- _DATASET EXCERPT_:
-- Opening Marker --
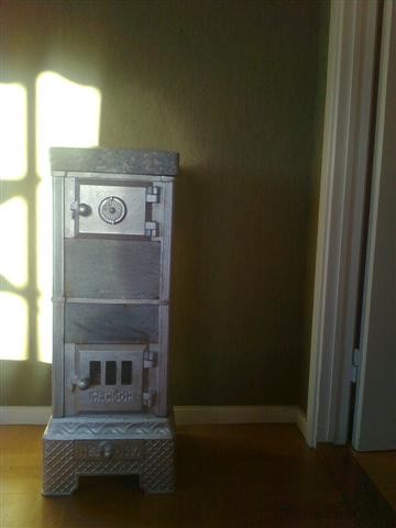 Det finns ett par varianter av luckor på sådana. Jag har använt två olika. Den ena var med en liten övre lucka som på din. Den var man tvungen att ha mycket kort sågad ved till. Min spekulation är att den möjligen är avsedd att elda med koks från början. Är bara veden tillräckligt kort så går det bra. Den värmer bra utan att bli lika het på ytan som en järnkamin. Den är snygg och du tycks ha fått tag på en i ganska bra skick.
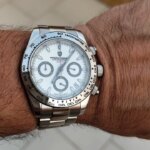 I don’t think I’ll ever be able to buy a daytona so I went for this pagani. I have to say, it’s amazing. Glass is great, movement is quiet, the buttons are a tiny but finnicky since the screw down, but overall feel great as well. There is also a surprising weight to the watch that makes it feel more expensive that it actually is. The styling is obviously beautiful. I haven’t really tested the lume yet but it’s not a huge concern for me personally. The metal bracelet wasn’t for me, I immediately swapped it out, but that’s up to preference. Overall this is a fantastic watch, and if you can catch this on sale like I did- it cannot be matched in value ????
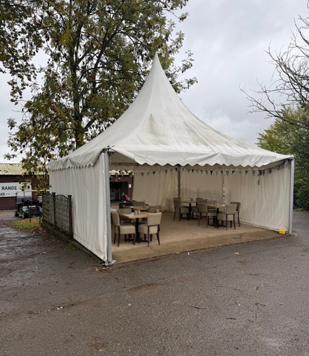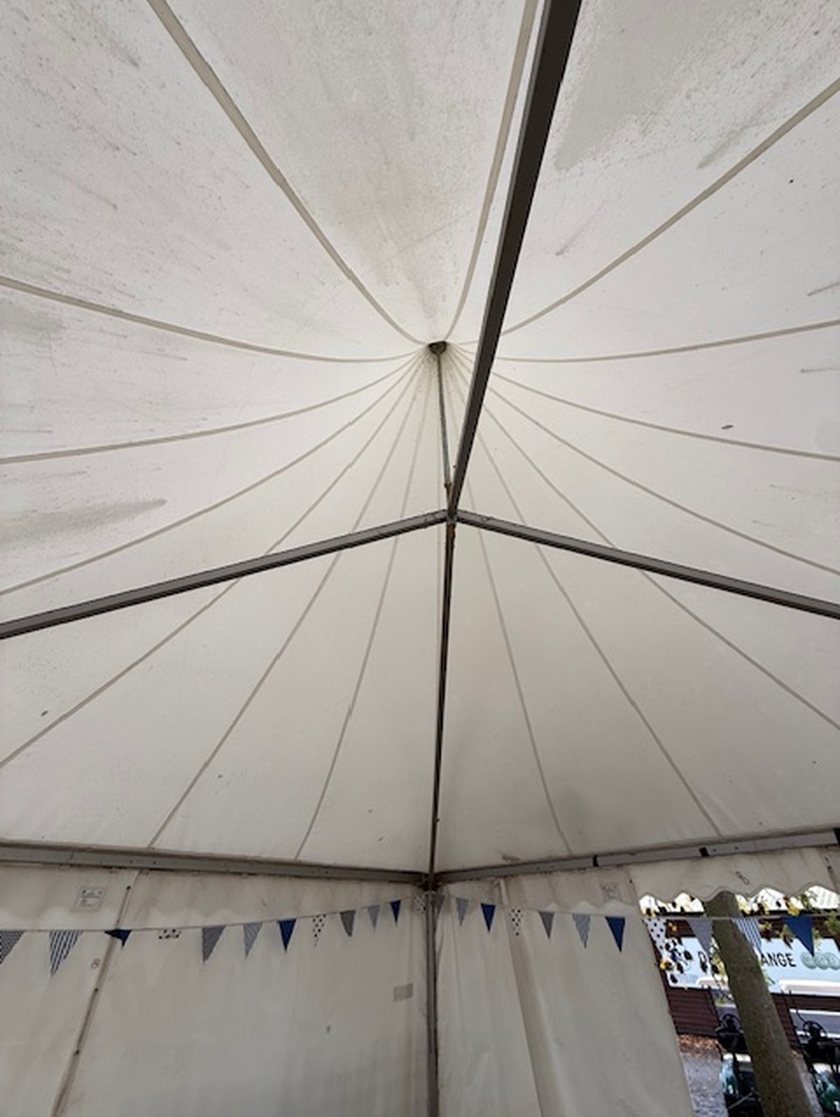 A quality Tectonics large white marquee with high roof top measuring approximately 5m x 5m square.Can have sides in place as shown in the images, or these can be opened or removed depending on preferences and weather conditions.
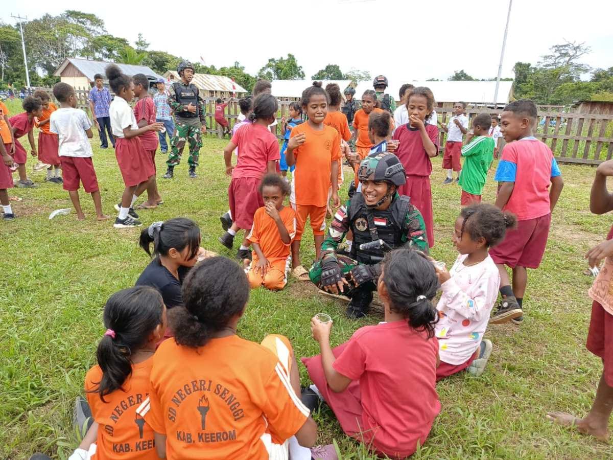 DetikSR.id Keerom ~ Ciptakan waktu yang berkualitas dengan memberikan keceriaan dan kebahagiaan bagi anak-anak di perbatasan RI-PNG, Pos Senggi Satgas Yonif 310/KK gelar Fun Game kepada siswa-siswi SDN 1 Senggi di Distrik Senggi, Kabupaten Keerom, Papua, Rabu (8/5/2024).
-- Closing Marker --
Print exactly the line containing "I don’t think" and every line after it through the final line above, and leave all pictures out.

- _PROBLEM SOLUTION_:
 I don’t think I’ll ever be able to buy a daytona so I went for this pagani. I have to say, it’s amazing. Glass is great, movement is quiet, the buttons are a tiny but finnicky since the screw down, but overall feel great as well. There is also a surprising weight to the watch that makes it feel more expensive that it actually is. The styling is obviously beautiful. I haven’t really tested the lume yet but it’s not a huge concern for me personally. The metal bracelet wasn’t for me, I immediately swapped it out, but that’s up to preference. Overall this is a fantastic watch, and if you can catch this on sale like I did- it cannot be matched in value ????
 A quality Tectonics large white marquee with high roof top measuring approximately 5m x 5m square.Can have sides in place as shown in the images, or these can be opened or removed depending on preferences and weather conditions.
 DetikSR.id Keerom ~ Ciptakan waktu yang berkualitas dengan memberikan keceriaan dan kebahagiaan bagi anak-anak di perbatasan RI-PNG, Pos Senggi Satgas Yonif 310/KK gelar Fun Game kepada siswa-siswi SDN 1 Senggi di Distrik Senggi, Kabupaten Keerom, Papua, Rabu (8/5/2024).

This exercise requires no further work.